Neil read the story, then left with a cloud of interviewers so that we could create the collage. I worked feverishly for an hour: knitting tiny things with q-tips, gluing a sock onto the centre, drawing the Tick's floating hypnotized head, and encouraging Blake to draw and glue at top speed. The sock was a particularly divine inspiration; it drew so many comments that I was forced to pretend modesty. Blake & I also collaborated on a tableau that dramatized my own entrapment in the hair, and his diligent rescue attempt. By the time Neil came back, we were exhausted. I was, however, thrilled to overhear Neil & the woman who had challenged me in conversation about my crappy art.
Woman: what is that?
Neil: (insert charming English accent) It looks like the Tick.

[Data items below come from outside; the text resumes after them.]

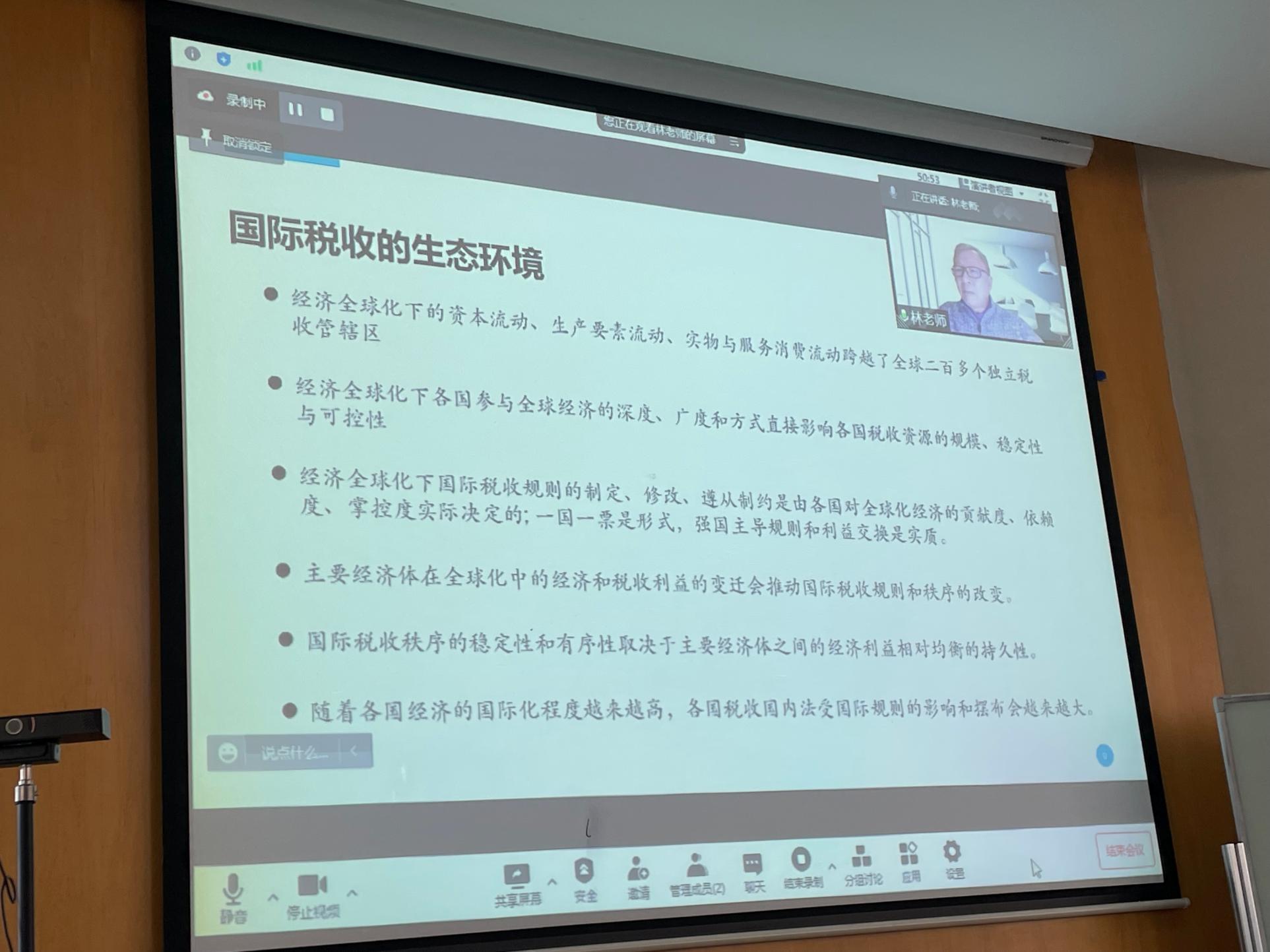 在接下去三个月的课程中,林老师还将与同学们一起探讨税收协定、常设机构、跨境服务与无形资产安排、跨国经营产业链安排等方面的国际税收实务问题。
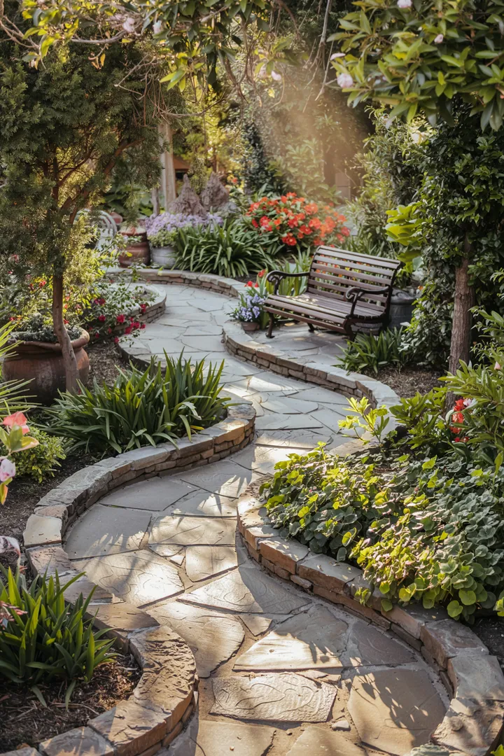 Im flüsternden Schatten der Bäume, im sanften Schein der untergehenden Sonne, werden die Pflastersteine zu Zeugen der Zeit. Sie stehen fest, während die Welt um sie herum sich wandelt. Ein Garten, ein Kunstwerk, getragen von der Beständigkeit der Steine.
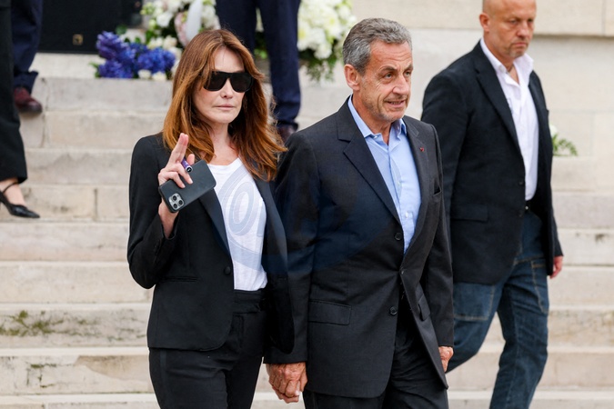 Nicolas Sarkozy et sa femme Carla Bruni - Sortie des obsèques de l'auteure-compositrice-interprète et actrice française Françoise Hardy au crématorium du cimetière du Père-Lachaise à Paris, France, le 20 juin 2024. © Jacovides-Moreau/Bestimage Exits at the funeral of French singer-songwriter and actress Françoise Hardy at Père-Lachaise Cemetery in Paris, France, on June 20, 2024.
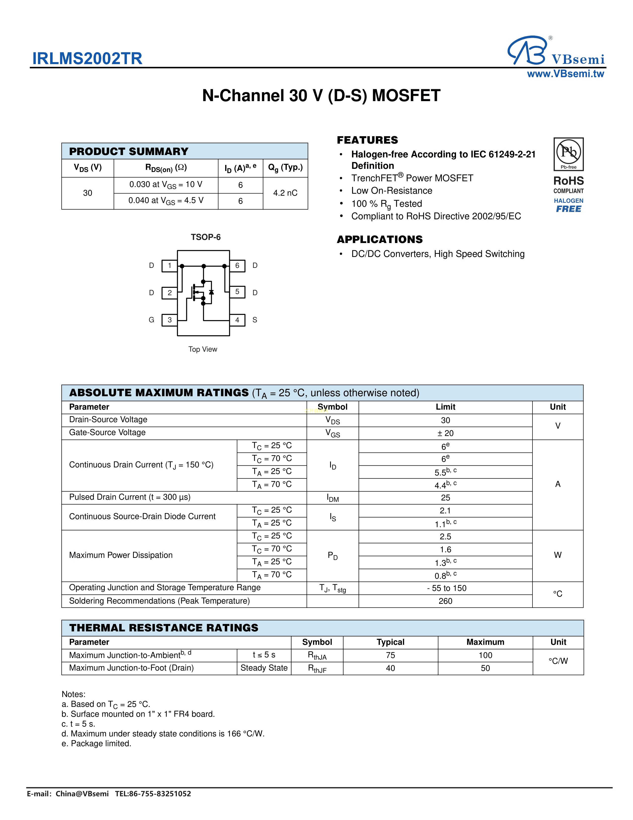 IRLMS2002TR数据手册TSOP-6封装VBsemi(台湾微碧)PDF规格书,中英文下载

He knew it was the Tick! This pleases me more than I can say.
While he was making his way around the table and talking to a few of the kids, a woman approached me from the cloud of interviewers. She introduced herself as from the NY Times, and flattered me all to hell by saying that she'd noticed my interesting question the night before and how I kept popping up at the events. I took a second at this point to send Blake over to Neil with his copy of Coraline. And really, I should have been taking pictures of Neil & Blake, but I was too dazzled by the idea of being in the Times to pay attention to my child meeting my favourite author for the second time in two days. Clearly, I need to rearrange my priorities.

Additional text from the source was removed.